■ DESCRIPTION OF THE TASK: Without pictures, return the lines from the one containing "LP2951. Typical Application" through the last line of the data below, exactly.

*** GIVEN DATA

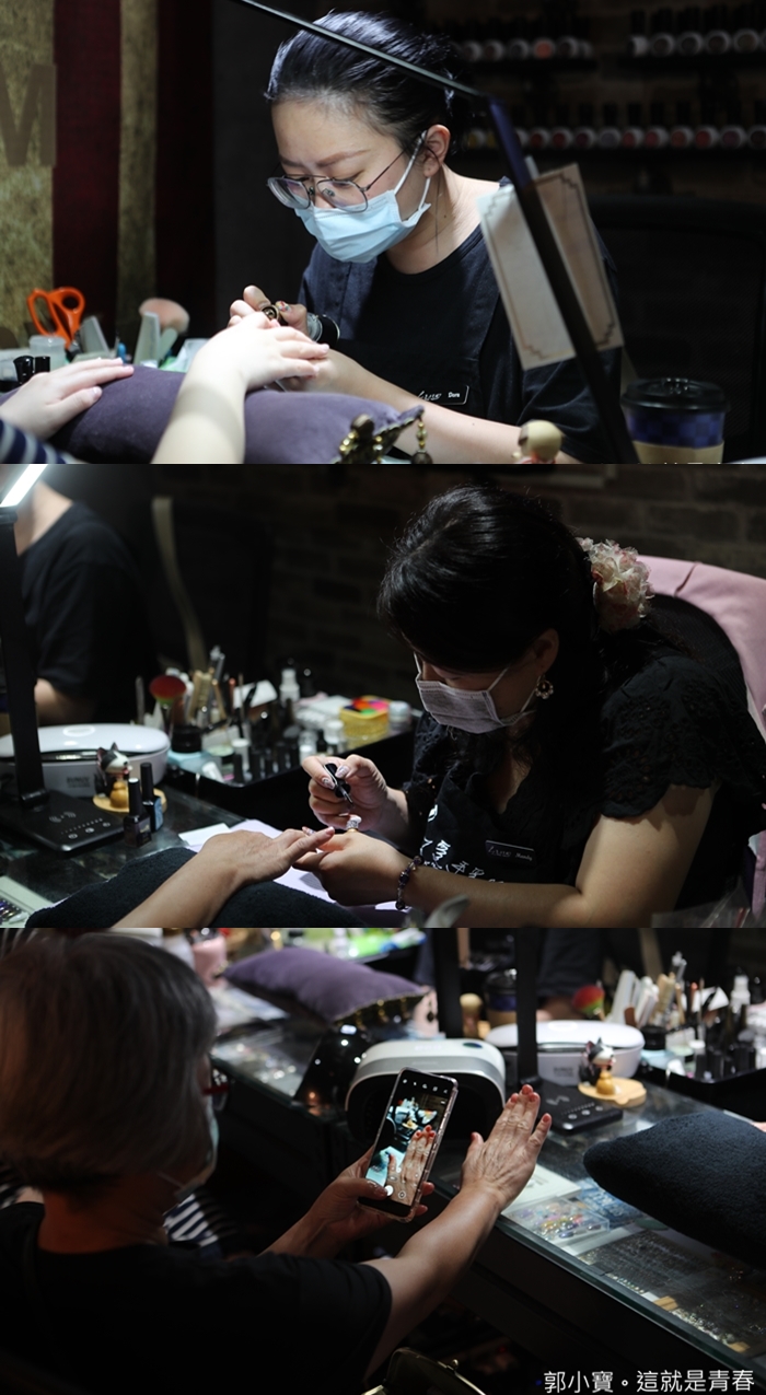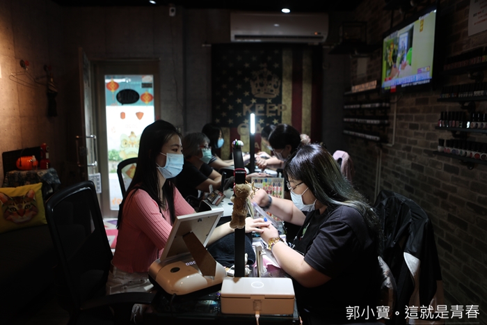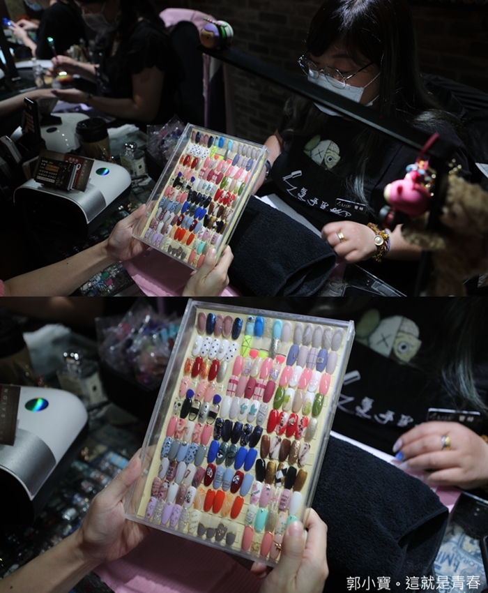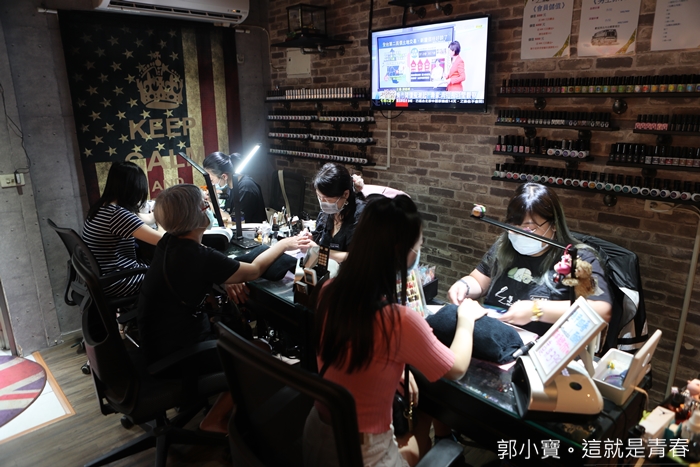 當天我們預約的美甲師是店長寶妹,它們工作室目前有三位美甲師,每個人的強項都不一樣,寶妹最強的是彩繪的部分,彩繪的功力很深,就像刺青要刺的好,師傅的圖才是最重要的基本功,如果有疑問的部分可以先請寶妹構圖。
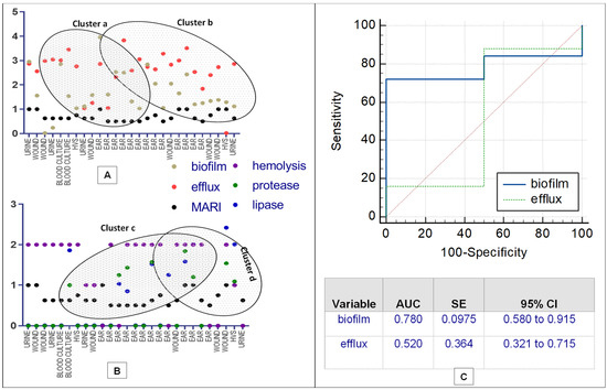 Correlation matrix of phenotypic antibiotic resistance ((A,B), Association of antibiotic resistance, biofilm formation, efflux activity, protease, lipase and hemolysin production; (C), ROC curves).
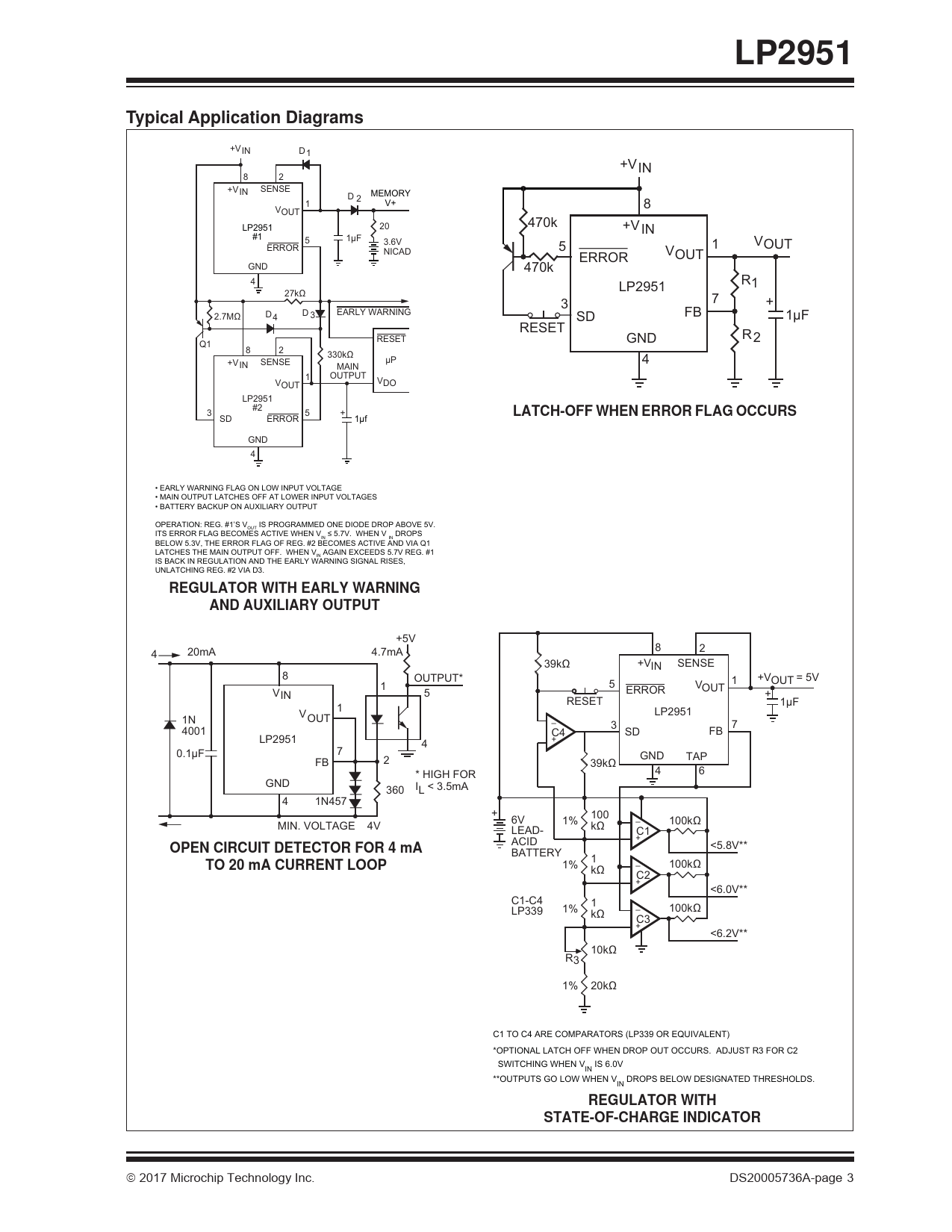 LP2951. Typical Application Diagrams. +V IN D1 +V IN 2. SENSE 8. +V IN VOUT D2 1 MEMORY. V+ 8. 470k 20 LP2951. ERROR 1μF 3.6V
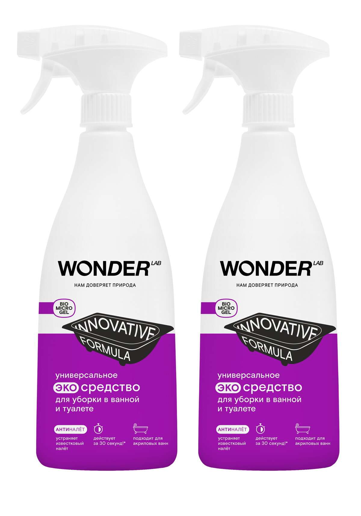 Чистящее средство для ванных комнат и санузлов WONDER LAB подходит для мытья любых поверхностей: всех видов ванн (акриловых, чугунных, стальных) и душевых кабин, смесителей, плитки, унитазов. Эффективно удаляет мыльный и известковый налет, ржавчину. Чистящее средство для ванн и унитазов действует за 30 секунд, быстро смывается водой, не оставляет плёнки, царапин и разводов. Экологичное средство не содержит хлора и не вредит септикам. Без резкого токсичного запаха.

******

■ FINISHED TASK:
 LP2951. Typical Application Diagrams. +V IN D1 +V IN 2. SENSE 8. +V IN VOUT D2 1 MEMORY. V+ 8. 470k 20 LP2951. ERROR 1μF 3.6V
 Чистящее средство для ванных комнат и санузлов WONDER LAB подходит для мытья любых поверхностей: всех видов ванн (акриловых, чугунных, стальных) и душевых кабин, смесителей, плитки, унитазов. Эффективно удаляет мыльный и известковый налет, ржавчину. Чистящее средство для ванн и унитазов действует за 30 секунд, быстро смывается водой, не оставляет плёнки, царапин и разводов. Экологичное средство не содержит хлора и не вредит септикам. Без резкого токсичного запаха.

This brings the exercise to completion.